» Input:

━━━━━━━━━━

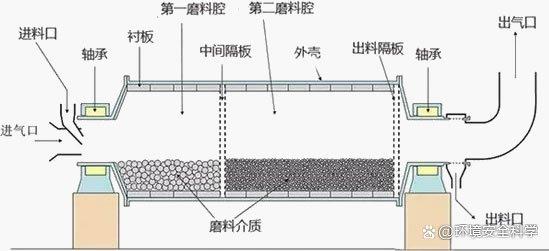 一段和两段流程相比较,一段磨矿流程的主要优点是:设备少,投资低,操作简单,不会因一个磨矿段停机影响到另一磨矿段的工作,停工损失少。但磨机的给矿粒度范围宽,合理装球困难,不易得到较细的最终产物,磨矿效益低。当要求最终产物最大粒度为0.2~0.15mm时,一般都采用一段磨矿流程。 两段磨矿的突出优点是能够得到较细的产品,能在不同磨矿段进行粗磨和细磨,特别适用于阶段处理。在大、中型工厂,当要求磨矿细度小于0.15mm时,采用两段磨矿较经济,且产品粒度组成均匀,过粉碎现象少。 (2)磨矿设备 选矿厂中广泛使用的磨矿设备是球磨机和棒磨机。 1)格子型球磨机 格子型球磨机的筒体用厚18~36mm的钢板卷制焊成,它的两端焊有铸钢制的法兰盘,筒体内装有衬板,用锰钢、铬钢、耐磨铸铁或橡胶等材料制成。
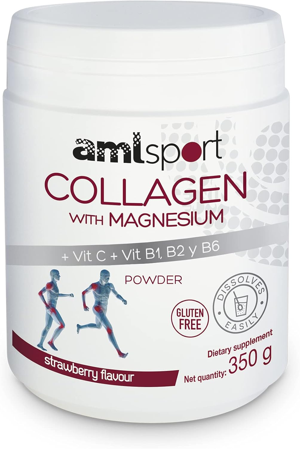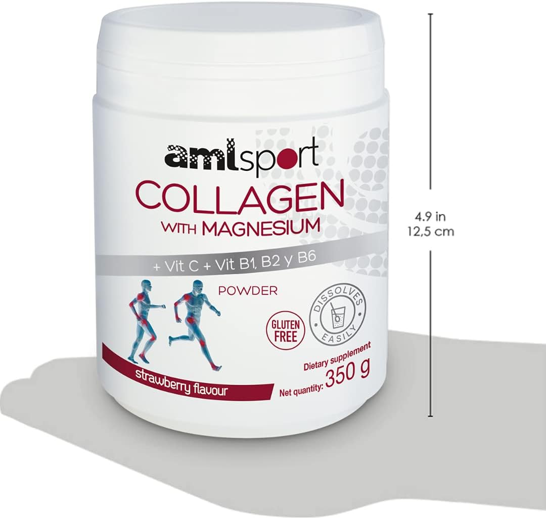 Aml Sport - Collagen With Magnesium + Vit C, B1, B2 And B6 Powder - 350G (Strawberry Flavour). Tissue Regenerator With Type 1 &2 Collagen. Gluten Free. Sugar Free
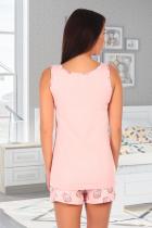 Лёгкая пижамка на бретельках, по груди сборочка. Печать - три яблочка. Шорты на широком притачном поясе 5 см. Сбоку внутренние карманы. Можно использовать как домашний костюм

━━━━━━━━━━

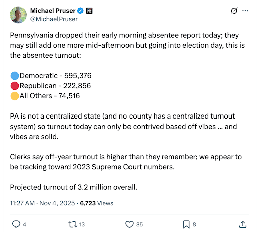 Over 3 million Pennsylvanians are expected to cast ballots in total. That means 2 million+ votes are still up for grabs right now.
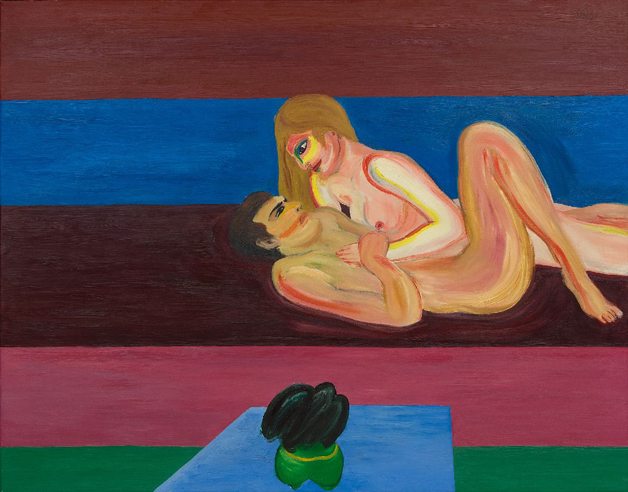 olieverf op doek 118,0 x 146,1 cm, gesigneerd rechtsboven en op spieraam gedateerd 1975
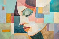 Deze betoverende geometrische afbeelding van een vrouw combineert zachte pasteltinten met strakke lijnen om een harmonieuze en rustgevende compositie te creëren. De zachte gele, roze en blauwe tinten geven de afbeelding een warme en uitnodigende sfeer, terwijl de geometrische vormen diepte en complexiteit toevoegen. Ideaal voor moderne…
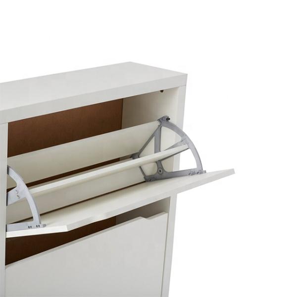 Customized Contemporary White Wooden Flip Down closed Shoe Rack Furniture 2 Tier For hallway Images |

━━━━━━━━━━

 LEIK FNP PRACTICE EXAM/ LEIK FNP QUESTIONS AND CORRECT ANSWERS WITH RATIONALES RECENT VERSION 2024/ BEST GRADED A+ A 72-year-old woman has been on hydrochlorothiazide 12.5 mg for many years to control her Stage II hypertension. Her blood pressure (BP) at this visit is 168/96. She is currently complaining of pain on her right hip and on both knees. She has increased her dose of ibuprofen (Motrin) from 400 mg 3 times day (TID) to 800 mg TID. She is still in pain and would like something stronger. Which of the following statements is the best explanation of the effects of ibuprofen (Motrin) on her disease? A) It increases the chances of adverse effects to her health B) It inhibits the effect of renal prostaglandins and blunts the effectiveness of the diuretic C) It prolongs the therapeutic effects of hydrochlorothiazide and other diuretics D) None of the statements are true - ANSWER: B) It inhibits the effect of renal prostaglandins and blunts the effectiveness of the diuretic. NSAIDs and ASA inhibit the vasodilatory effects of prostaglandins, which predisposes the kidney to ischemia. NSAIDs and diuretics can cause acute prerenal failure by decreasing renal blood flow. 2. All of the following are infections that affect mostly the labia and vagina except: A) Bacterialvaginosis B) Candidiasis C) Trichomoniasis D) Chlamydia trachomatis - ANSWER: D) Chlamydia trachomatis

━━━━━━━━━━

» Task:
Leaving out each picture, repeat exactly the lines above from the one that contains "(2)磨矿设备 选矿厂中广泛使用的磨矿设备是球磨机和棒磨机。 1)格子型球磨机" through the one that contains "Aml Sport - Collagen".

» Solved problem:
 一段和两段流程相比较,一段磨矿流程的主要优点是:设备少,投资低,操作简单,不会因一个磨矿段停机影响到另一磨矿段的工作,停工损失少。但磨机的给矿粒度范围宽,合理装球困难,不易得到较细的最终产物,磨矿效益低。当要求最终产物最大粒度为0.2~0.15mm时,一般都采用一段磨矿流程。 两段磨矿的突出优点是能够得到较细的产品,能在不同磨矿段进行粗磨和细磨,特别适用于阶段处理。在大、中型工厂,当要求磨矿细度小于0.15mm时,采用两段磨矿较经济,且产品粒度组成均匀,过粉碎现象少。 (2)磨矿设备 选矿厂中广泛使用的磨矿设备是球磨机和棒磨机。 1)格子型球磨机 格子型球磨机的筒体用厚18~36mm的钢板卷制焊成,它的两端焊有铸钢制的法兰盘,筒体内装有衬板,用锰钢、铬钢、耐磨铸铁或橡胶等材料制成。
 Aml Sport - Collagen With Magnesium + Vit C, B1, B2 And B6 Powder - 350G (Strawberry Flavour). Tissue Regenerator With Type 1 &2 Collagen. Gluten Free. Sugar Free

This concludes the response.